More students and less patients: the squeeze on medical teaching resources

Brendan J Crotty
MJA 2005; 183 (9): 444-445

We urgently need to expand clinical teaching into the private sector

In clinical school common rooms around the country, a common refrain of frustrated medical students is “ There aren’t any patients in the wards we can see!” In this issue of the Journal, Olson and colleagues (page 461) report an investigation of hospital inpatients’ accessibility to medical students that strongly suggests that our students’ complaints are real.1

. . . there are not enough suitable public hospital inpatients for the clinical teaching programs of the new medical schools

The study simulated the experience of students attempting to see patients without the assistance of junior or senior medical staff. Four University of Newcastle medical students audited the wards of four public hospitals on three separate days, each 2 months apart. Inpatients were classified as present, present but not accessible, unfit to be seen on clinical grounds, or absent. Those who were present and accessible were asked if they would agree to a student taking a history and performing a physical examination.

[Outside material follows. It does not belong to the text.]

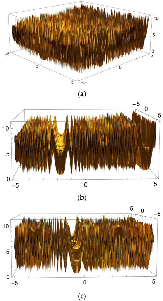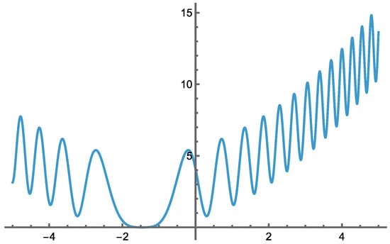 In (4), s > 0, ak > 0, and bk > 0 for k = 1 and kmax (with a chosen kmax > 0 integer) are scalar parameters chosen to make a test problem more or less difficult by adjusting their values. Specifically, increasing the value of the scale parameter s makes the function more similar to an “easy” separable convex quadratic function. Increasing the amplitude multiplier ak for any k = 1, …, kmax results in a higher effect of the added oscillating terms, while increasing bk for any k = 1, …, kmax leads to higher oscillations of the arguments in the squared trigonometric terms. Finally, Pk(.) denotes an in-principle arbitrary function that attains its unique minimum with value 0 at x = x*, for k = 1, …, kmax.

Of 1960 patients, 959 (49%) were present and accessible and, of these, 673 (70%) said they would allow a student to take a history and 645 (67%) would allow a student to perform a physical examination. Half of all patients not available to be seen were classified as unsuitable on clinical grounds, either by nursing staff or by the students. In some wards the students were told by nursing staff that all patients were unsuitable. In short, just over a third of the inpatients in these four hospitals were accessible to medical students.1

Those responsible for clinical teaching programs in public hospitals are only too aware of this problem, which is caused by several factors. Reduced length of stay and “hospital in the home” programs designed to avoid or shorten admissions mean that inpatients are sicker and less inclined to see students. Moreover, as the average age of inpatients rises, an increasing proportion of inpatients are unable to give a history because of confusion or cognitive impairment. Another factor is that most elective surgical patients are now admitted on the day of their operation, leaving little time for students to make contact, and many are discharged the same day. In addition, some routine elective surgical procedures that students need to learn about are now very rarely performed in public hospitals. Finally, privatisation of hospital outpatient clinics has significantly reduced students’ exposure to ambulatory care.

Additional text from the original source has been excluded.